I say that because unless someone is querying SQL Server directly, smaller durations tend to be less detectable to end users. By the time they hit a button, send the request, receive the data, and have the application render it etc. they’re probably not aware of a 99 millisecond difference.

Of course, not everything is end-user centric. Other internal operations, especially any loop processing, might benefit greatly from reductions on the smaller side of things.

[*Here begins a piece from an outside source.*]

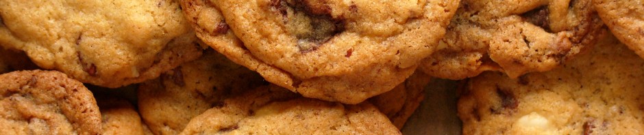 I baked these on Sunday, when a bug had confined me to the house for 24 hours and I needed something to distract me. And they were/are perfect. Fast as anything to make, a brilliant crunch-then-soft texture and they even tasted more American than my usual efforts (and no, I have absolutely no idea what I mean by that…!). I followed the recipe, in that I used two types of chocolate, and peanuts and pecans but I’m sure it will lend itself to all sorts of substitutions. Apparently they last up to a week in an airtight tin. I defy any cookie-lover not to love these. Now, who’s for coffee?

  • If duration and CPU are acceptable, leave it alone
  • If either is unacceptable, tune the darn thing
  • If CPU is much higher than duration, you have a parallel plan, and tuning is optional
  • If duration is much higher than CPU, you have blocking or another contention issue, and the query you’re looking at probably isn’t the problem
  • If duration and CPU are roughly equivalent, you either have a functional serial plan or a really crappy parallel plan

I give these the highest priority because reducing these is what makes queries faster, and reduces the surface area (execution time) of a query where something crappy might happen, like blocking, or deadlocks, or other resource contention.

Memory Grants


Using these as a tuning metric can have a lot of positive effects, depending on what kind of shape the system is in.

Consider a few scenarios:

  • PAGEIOLATCH_XX waits are high because large memory grants steal significant buffer pool space
  • RESOURCE_SEMAPHORE waits are high because queries suck up available memory space and prevent other queries from using it
  • Queries are getting too low of a memory grant and spilling significantly, which can slow them down and cause tempdb contention under high concurrency

Fixing memory grant issues can take many forms:

  • Getting better cardinality estimates for better overall grant estimates
  • Indexing to influence operator choices away from memory consumers
  • Using more appropriate string lengths to reduce memory grants
  • Fixing parallel skew issues that leaves some threads with inadequate memory
  • Rewriting the query to not ask for ordered data
  • Rewriting the query to ask for ordered data in smaller chunks
  • Rewriting the query to convert strings to better fitting byte lengths

That’s just some stuff I end up doing off the top of my head. There are probably more, but blog posts are only useful up to a certain length.

Like all other strings.

Writes and Selects


Modification queries are going to do writes. This seems intuitive and not at all shocking. If you have queries that are doing particularly large modifications, you could certainly look into tuning those, but it would be a standard exercise in query or index tuning.

Except that your index tuning adventure would most likely lead you to dropping unused and overlapping indexes to reduce the number of objects that you need to write to than to add an index.

But who knows. Boring anyway. I hear indexes tune themselves in the cloud.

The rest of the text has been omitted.